• _Exercise_
Could the lines from the start of the data through the line with "Content Providers are" be set down exactly, with no pictures among them?

• _Stored data_
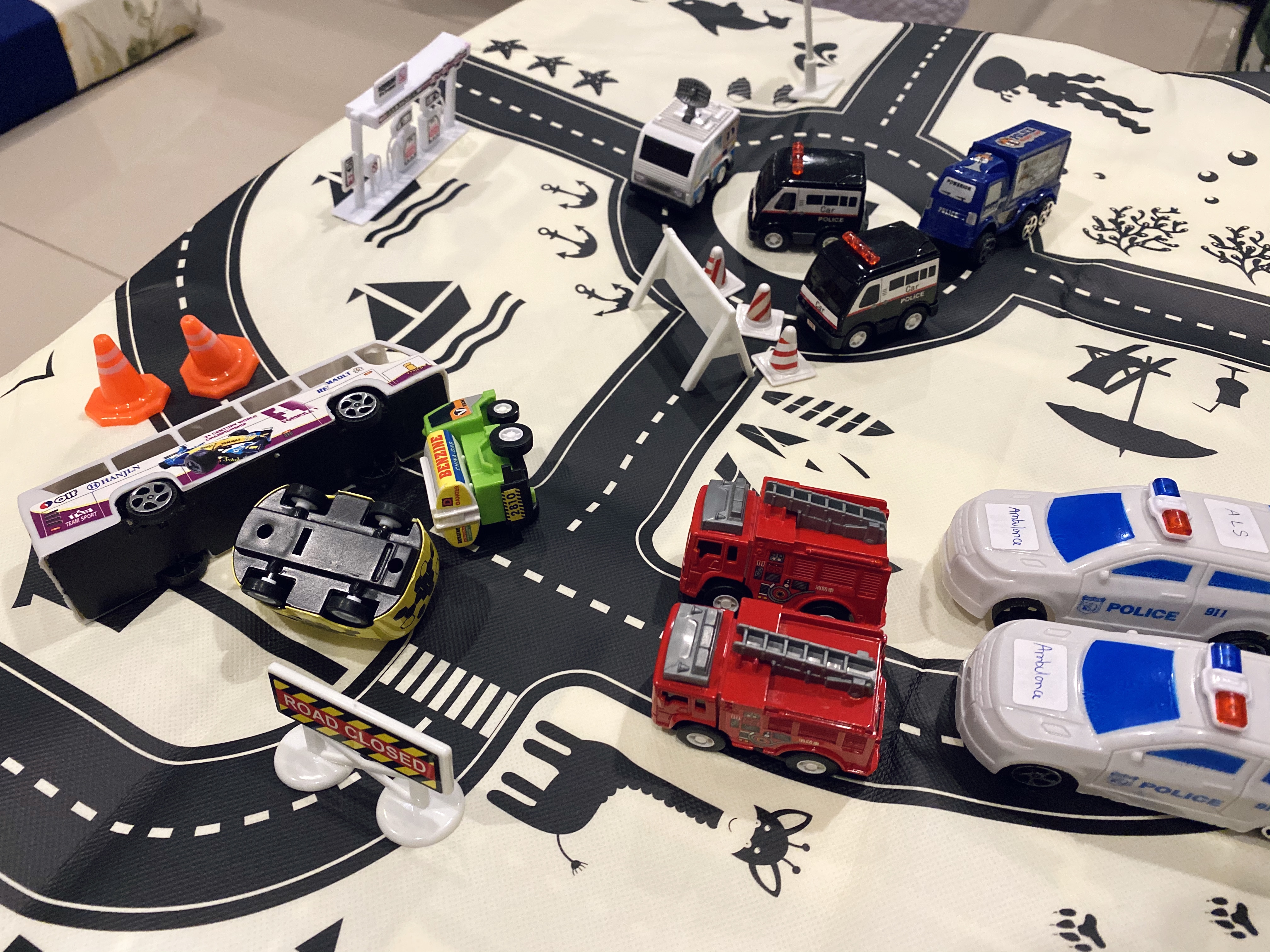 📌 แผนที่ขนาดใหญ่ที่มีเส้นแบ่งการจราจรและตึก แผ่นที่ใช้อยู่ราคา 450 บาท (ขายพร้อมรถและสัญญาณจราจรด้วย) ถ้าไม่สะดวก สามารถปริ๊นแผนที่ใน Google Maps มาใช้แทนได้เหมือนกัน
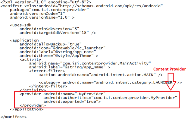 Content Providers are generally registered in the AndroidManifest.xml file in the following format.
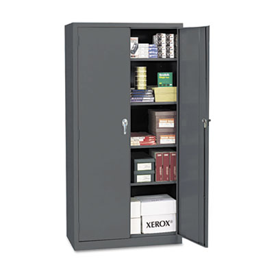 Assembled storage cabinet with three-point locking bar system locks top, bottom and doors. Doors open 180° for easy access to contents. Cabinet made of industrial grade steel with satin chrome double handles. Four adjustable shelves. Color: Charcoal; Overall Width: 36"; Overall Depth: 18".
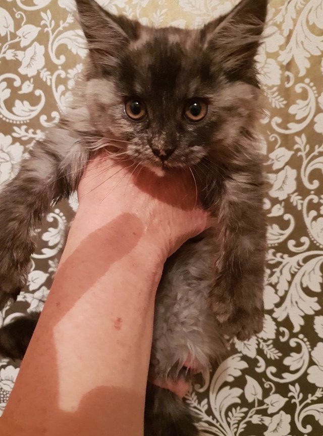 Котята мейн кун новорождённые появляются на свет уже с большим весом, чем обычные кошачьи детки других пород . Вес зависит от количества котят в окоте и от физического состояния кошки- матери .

• _Solution for this problem_
 📌 แผนที่ขนาดใหญ่ที่มีเส้นแบ่งการจราจรและตึก แผ่นที่ใช้อยู่ราคา 450 บาท (ขายพร้อมรถและสัญญาณจราจรด้วย) ถ้าไม่สะดวก สามารถปริ๊นแผนที่ใน Google Maps มาใช้แทนได้เหมือนกัน
 Content Providers are generally registered in the AndroidManifest.xml file in the following format.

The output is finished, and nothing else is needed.